**What the task asks**: Without the pictures, output the lines of the material from the very first through the one that holds "2022년 6월 교통비 (학교밖) 작성자".

**Information shown**:
▽
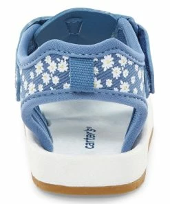 Little ones will bloom in this floral sandal featuring a hook-and-loop T-strap design for quick changes.
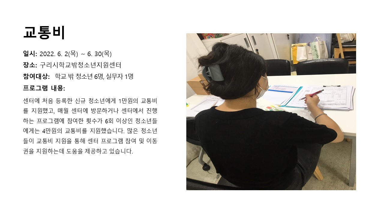 2022년 6월 교통비 (학교밖) 작성자 관리자 등록일자 2022년 7월 8일 14시 20분 52초 조회 443 2022년 6월 교통비 (학교밖).JPG [ Size : 128.92KB , Down : 258 ] 미리보기 다운로드 목록보기
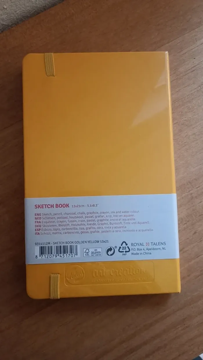 Vend ce Carnet de croquis 13 x 21 cm Pointillés - ArtCreation NEUF, couleur jaune d'or. Carnet de croquis, dessin, ou esquisse. Le grammage du papier de 140 g/m² convient pour les techniques sèches, le feutre, ou le dessin à l’encre. La couverture rigide en simili cuir, et le papier sans acide en font un carnet durable. Fermeture du carnet avec bande élastique.
△
**Answer section**:
 Little ones will bloom in this floral sandal featuring a hook-and-loop T-strap design for quick changes.
 2022년 6월 교통비 (학교밖) 작성자 관리자 등록일자 2022년 7월 8일 14시 20분 52초 조회 443 2022년 6월 교통비 (학교밖).JPG [ Size : 128.92KB , Down : 258 ] 미리보기 다운로드 목록보기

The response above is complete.